ワイバーンが帝国で暴れていることだけを否定できる根拠があるだろうか?
「……ちなみに何体のワイバーンが帝国内に侵入しているんだ?」
「二〇体前後だよ」
二〇体だと?
大変な国難ではないか。
魔道士長が袖を引く。
「……ワイバーンのような大型飛行魔物は地上に引きずり下ろさねば、逃げられて被害が拡大します。一般兵では難しいです。ワイバーンを相手にできるほどの魔道士は、ほとんど今回従軍しておりますれば……」
やむを得ない。
作戦継続は不可能だ。
「我が軍は撤退します。情報の提供に感謝する」
「そうか。帰りには気をつけるのだぞ」
「今回は貸しだぞー」
何と性格の悪い。
追撃は勘弁しておいてやると言外に言われているではないか。
「国境決めるのは役人さんだけいればいいと思うよ。次回はそうしてよ。大軍で来ちゃうと、またワイバーンが帝国を襲うかもしれないからね」
「ハハハ、まさかそんな……」
と言いかけてある考えに思い当たる。
転移魔法だと?
まさか自国を襲うワイバーンを、転移で帝国に送りつけたのではあるまいな?
目の前でニコニコしている聖女パルフェとニヤニヤしているローダーリック陛下からは何も読み取れないが。

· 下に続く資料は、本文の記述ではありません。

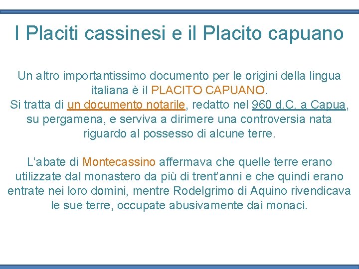 I Placiti cassinesi e il Placito capuano Un altro importantissimo documento per le origini della lingua italiana è il PLACITO CAPUANO. Si tratta di un documento notarile, redatto nel 960 d. C. a Capua, su pergamena, e serviva a dirimere una controversia nata riguardo al possesso di alcune terre. L’abate di Montecassino affermava che quelle terre erano utilizzate dal monastero da più di trent’anni e che quindi erano entrate nei loro domini, mentre Rodelgrimo di Aquino rivendicava le sue terre, occupate abusivamente dai monaci.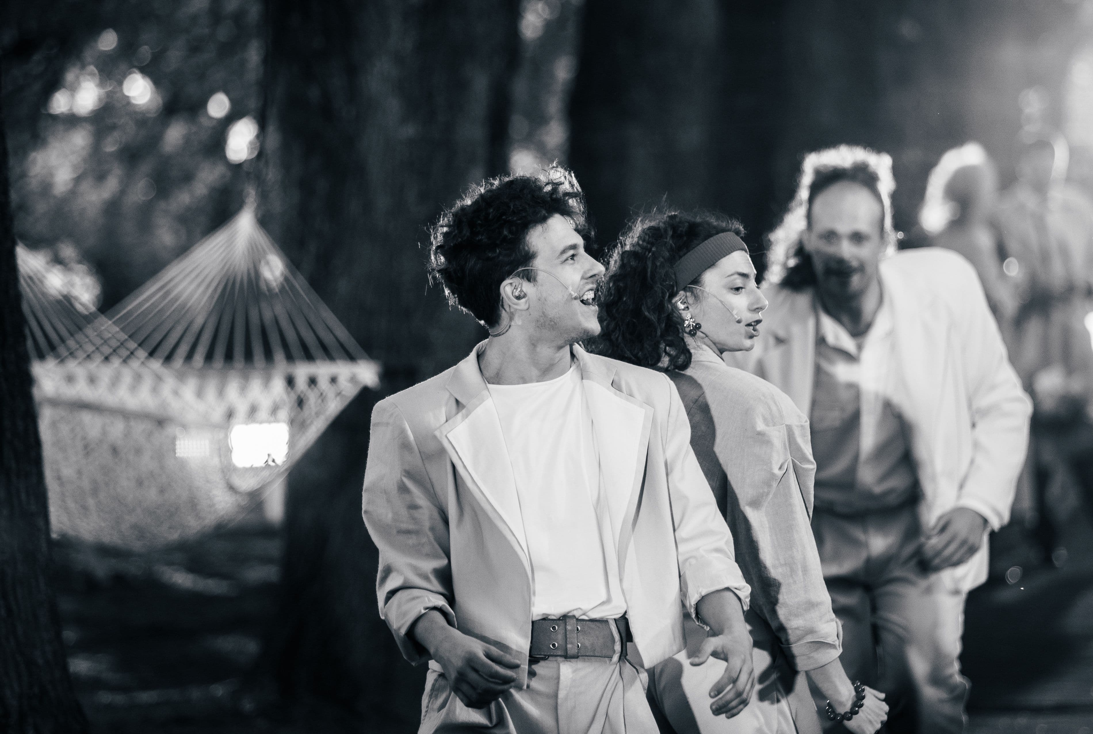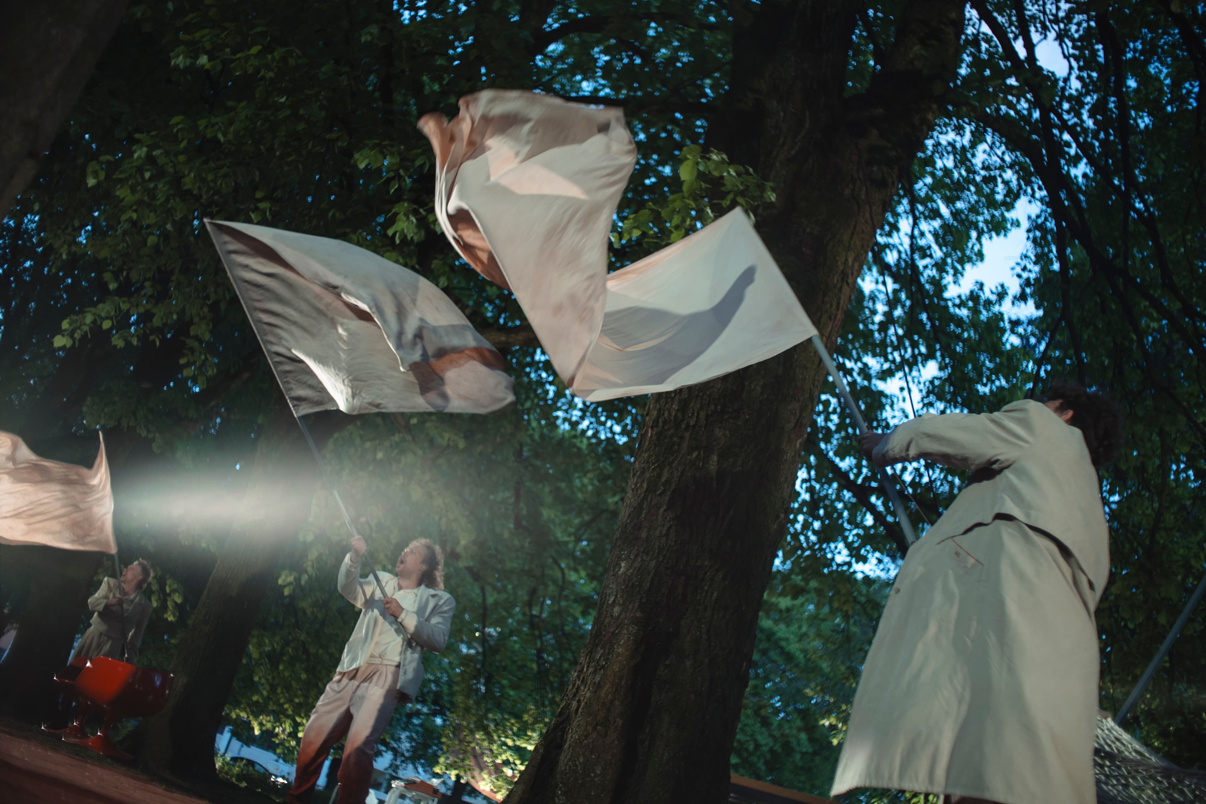 A site-specific musical performance in public urban space, staged on a simultaneous stage. The same performance is played three times; during each act, the audience changes seating on the grandstands to experience the piece from different auditory perspectives via three-channel wireless headphones. The performance remains fully visible at all times and is not separated from the surrounding city. Although performed in Estonian, the work speaks primarily through structure, music and spatial experience — offering an encounter that does not rely on language alone.
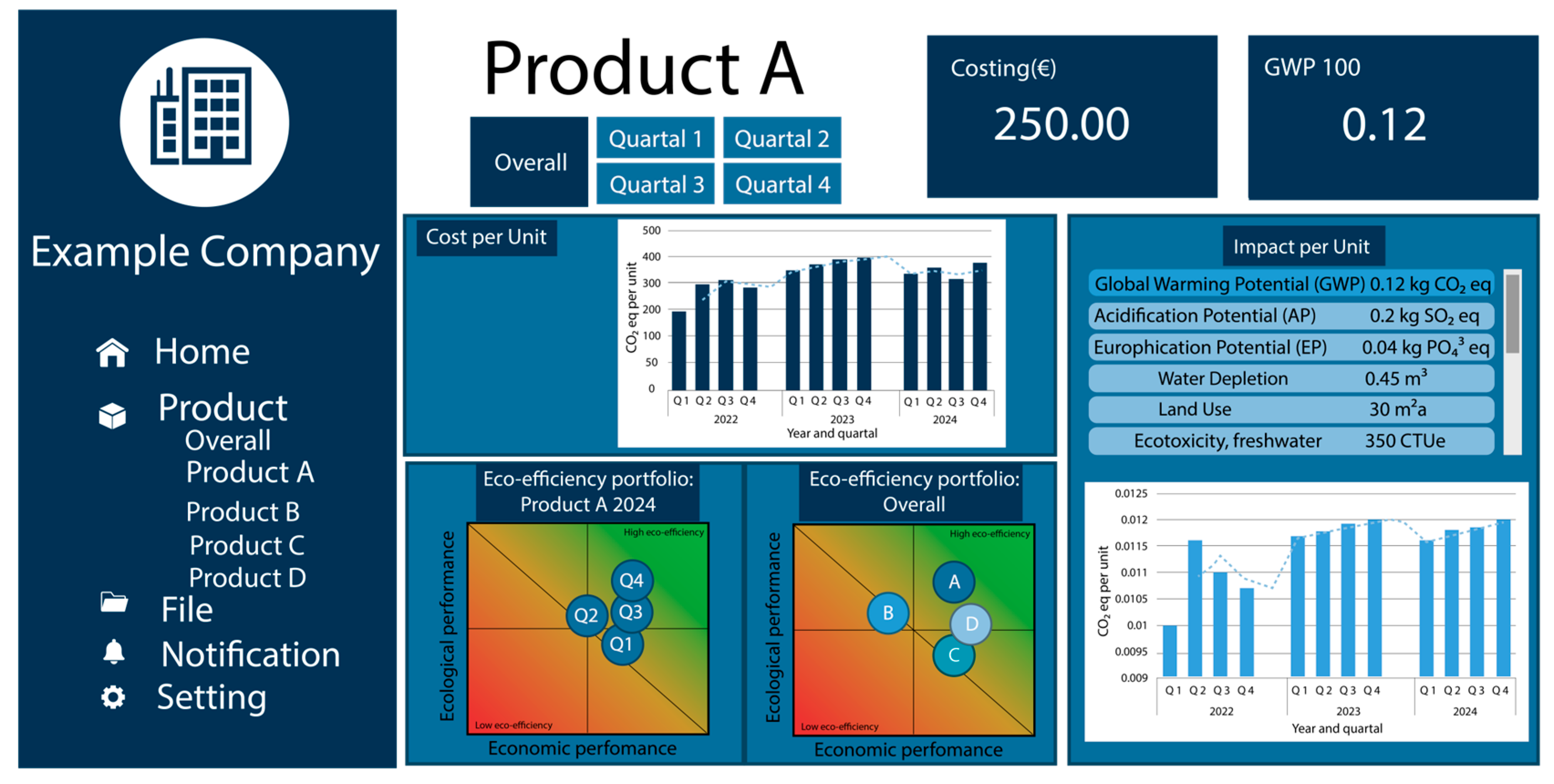 Historical values of the eco-efficiency portfolios of different products are observed to track changes, assess the degree of influence of previous decisions, and evaluate the resulting development or decline in the performance of individual products within the portfolio. In logistics, the dashboard can be filtered by route, vehicle type, and delivery pattern. It shows 7- and 30-day rolling eco-efficiency for long-distance and last-mile operations, highlights problem areas such as low load factors or urban congestion and allows testing of “what-if” scenarios for re-routing or load consolidation.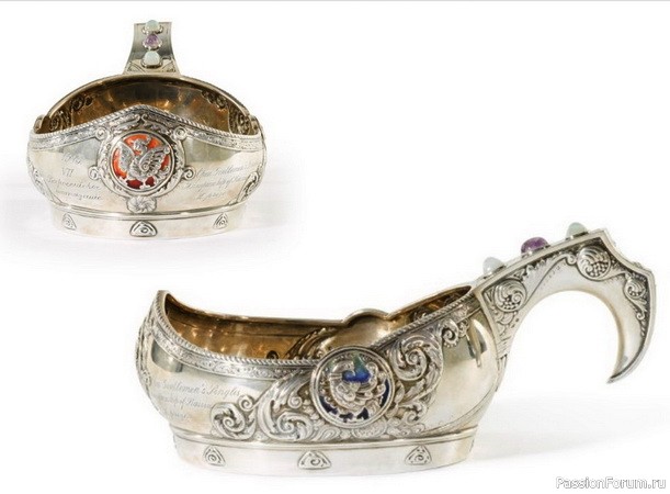 Большой серебряный ковш в панславянском стиле, украшенный чеканкой и эмалевыми медальонами с изображением стилизованных птиц, длина 27 см, мастер Егор Черятов для фирмы «Немиров-Колодкин», Москва, 1913 г.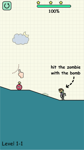 1、操作简单直观:只需手指画线,让炸弹滚向僵尸即可完成关卡;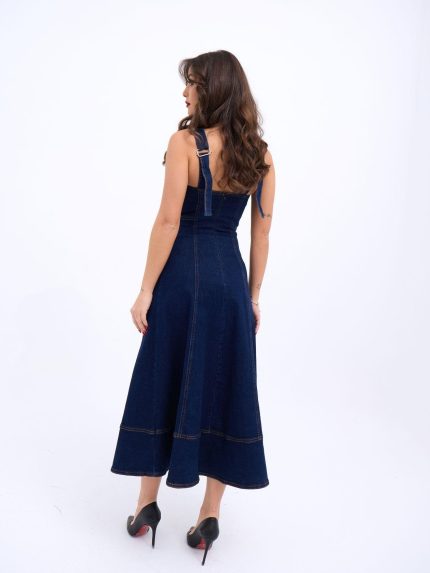 Kadın Halter Yaka Simli Kumaş Sırtı Bağcık Detay Prenses Elbise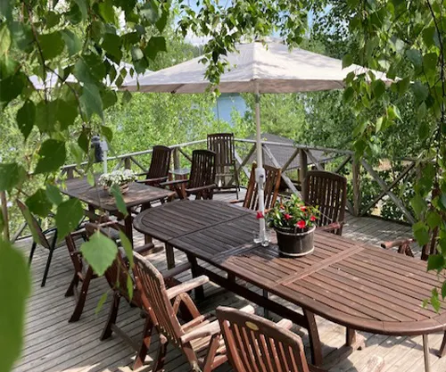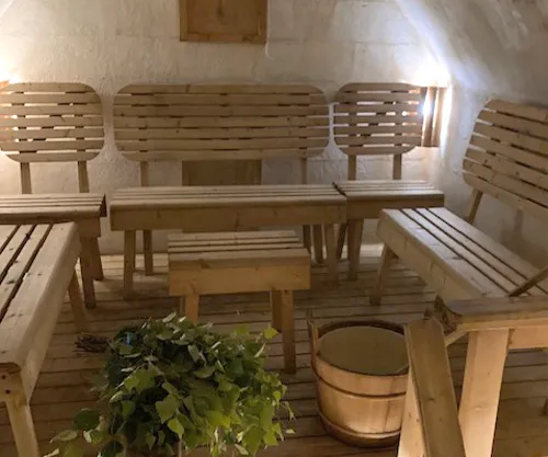 Vuokrattavissa kolme upeaa saunaa: savusauna, rantasauna ja holvisauna.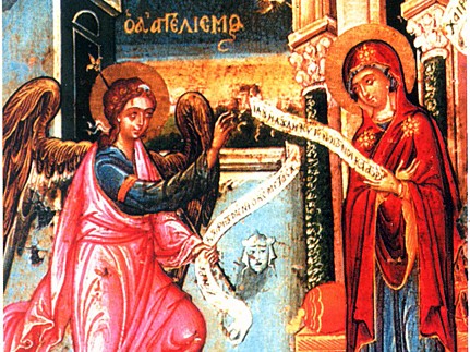 Ангел явился в дом праведного Иосифа, когда Мария читала Священное Писание, и возвестил ей, что она родит Сына, который будет велик и назовется Сыном Всевышнего. Мария в недоумении спросила Ангела: «как это будет, когда Я мужа не знаю?» Ангел ответил Ей: «Дух Святой найдет на Тебя, и сила Всевышнего осенит Тебя; посему и рождаемое Святое наречется Сыном Божиим».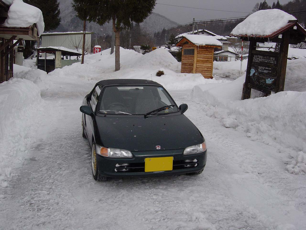 などまったく見えない純白の世界。こちらは車高も低ければミドシップ2WDのホンダ・ビートです。

「……参考までに聞いておきたいが、聖女殿が相手にした魔物で最も強かったのは何だ?」
「アースドラゴンだな。その時ハンスさんもいたから覚えてるんじゃない?」
「当然だぜ。将軍、アースドラゴン戦ではパルフェちゃんが結界と魔法の盾で魔物の攻撃を完封したんですよ。死者ゼロの大勝利でした」
そんなことはどうでもいい。
どれほどの魔物と接触できるのかを聞きたかっただけだ。
アースドラゴンクラスの暴虐な魔物をいきなり転移で放り込まれてはたまらん。
もうウートレイドは敵に回せない。
我が帝国の覇道主義は転換の時期だと提言せねばならぬ。